Mori, an 83-year-old former prime minister of Japan, sparked outrage last week after he made the remarks during an executive board meeting that was held online. When giving his “private opinion” about the Japanese Olympic Committee’s goal of increasing the number of female board directors from 20% to more than 40%, Mori expressed concern about how that would affect the length of meetings, according to a report by The Asahi Shimbun, one of Japan’s largest daily newspapers.

“A meeting of an executive board that includes many women would take time,” Mori was quoted as saying by the newspaper. “Women are competitive. When someone raises his or her hand and speaks, they probably think they should speak too. That is why they all end up making comments.”

He also referred to the Tokyo Olympics organizing committee, saying it “includes about seven women, but they all know how to behave,” the newspaper reported.

Mori apologized for his remarks at a hastily-prepared press conference the following day. But by then, calls for his resignation were already trending on social media.

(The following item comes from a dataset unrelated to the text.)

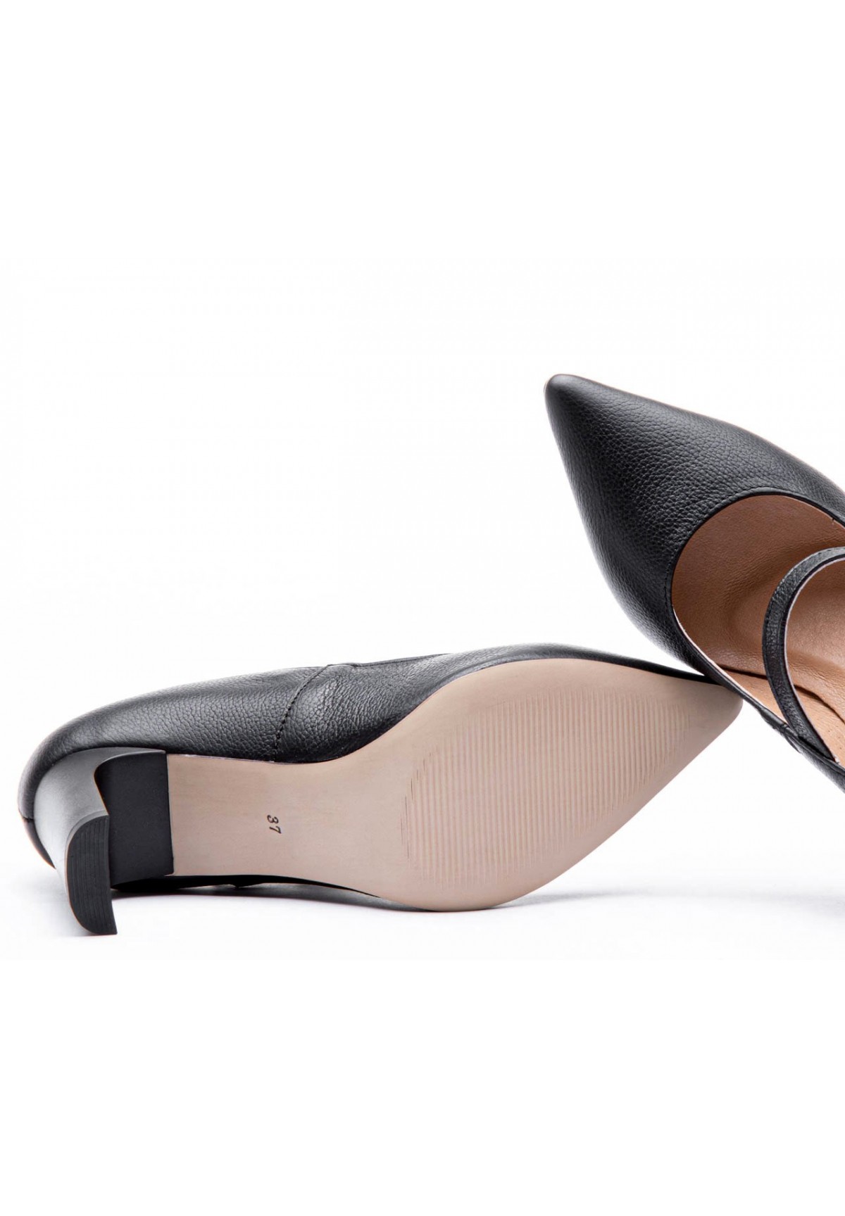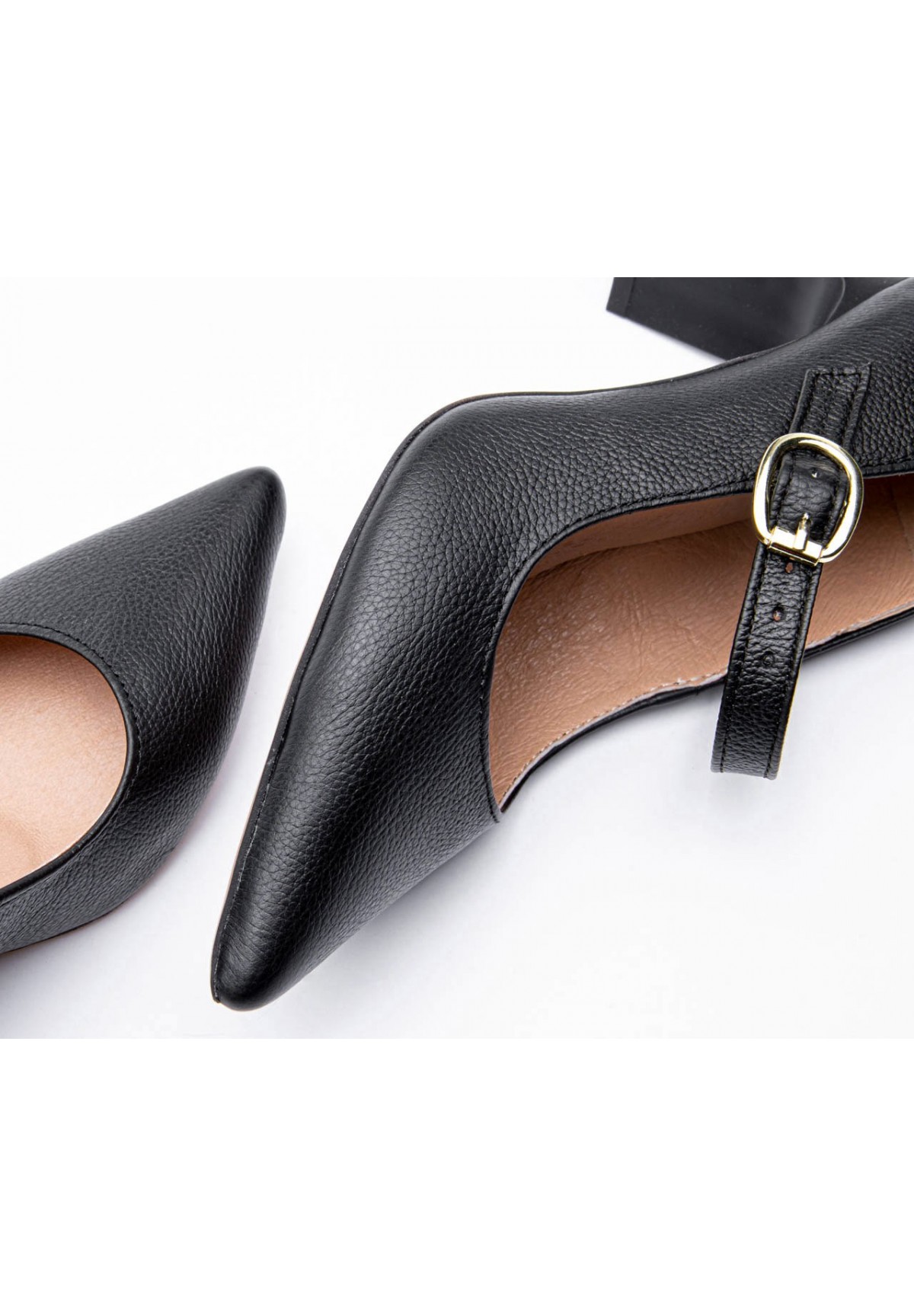 Czółenka damskie w klasycznej czerni dopełnią niejedną stylizacje. Wykonane z naturalnej skóry licowej, o groszkowej fakturze. Zdobione cienkim paskiem ze złotą sprzączką. Dzięki noskom w szpic optycznie wydłużają nogi. Średniej wielkości, szeroki obcas oraz miękka wyściółka zapewniają komfort użytkowania przez długi czas. Doskonałe zarówno na wielkie wyjścia, jak i do pracy.

After announcing his resignation on Friday, Mori repeatedly said that he had regret over the remarks, but also said he had “no intention of neglecting women.”

“The most important thing is to hold the Tokyo Olympics in July,” he added. “I cannot allow my presence to serve as interference to the various preparations.”

Mori was appointed to the position in 2014, just months after Tokyo won its bid to host the Olympics. The executive board was expected to pick his successor later on Friday.

Early reports said that Mori had picked Saburo Kawabuchi, the 84-year-old former president of the governing body of Japanese soccer and an ex-player himself. Kawabuchi indicated on Thursday that he had been contacted by Mori and would accept the position if offered, according to a report by Japanese public broadcaster NHK. But the news sparked further outrage that the process of choosing Mori’s successor was not transparent and that replacing him with another man who is even older would not help the situation.

During a press conference Friday night, Toshiro Muto, chief executive officer of the Tokyo Olympics organizing committee, called Mori’s remarks about women “extremely inappropriate” and divulged that Kawabuchi has decided he will turn down the job.

“We will pick a successor immediately,” Muto told reporters. “We need to ensure that the process to appoint a successor will be transparent, as established by the executive board.”

Japan’s chief cabinet secretary, Katsunobu Kato, has also emphasized the need for transparency.

“Matters concerning personnel and operations must be transparent,” Kato told reporters at a press conference Friday morning.

The controversy came just as Olympics organizers unveiled a series of “playbooks” for how they plan to hold a safe and successful Games in Tokyo this summer amid the coronavirus pandemic.

The 2020 Summer Olympics were supposed to kick off in the Japanese capital last year on July 24. But in late March, amid mounting calls to delay or cancel the upcoming Games, the International Olympic Committee and Japanese organizers announced that the event would be held a year later due to the COVID-19 pandemic. They have been outwardly staunch in their determination to go forward with the Games ever since, despite the fact that Japan — and much of the world — has seen a rise in coronavirus infections in recent weeks.

With less than six months left until opening day, Japan’s mass vaccination program has yet to begin and Tokyo remains under a state of emergency due to a climbing number of COVID-19 cases and a growing death toll. Moreover, a recent poll by Japanese news agency Kyodo found that around 80% of people in Japan believe the Tokyo Olympics should not be held this summer.

“There shall be no delay,” Muto said Friday.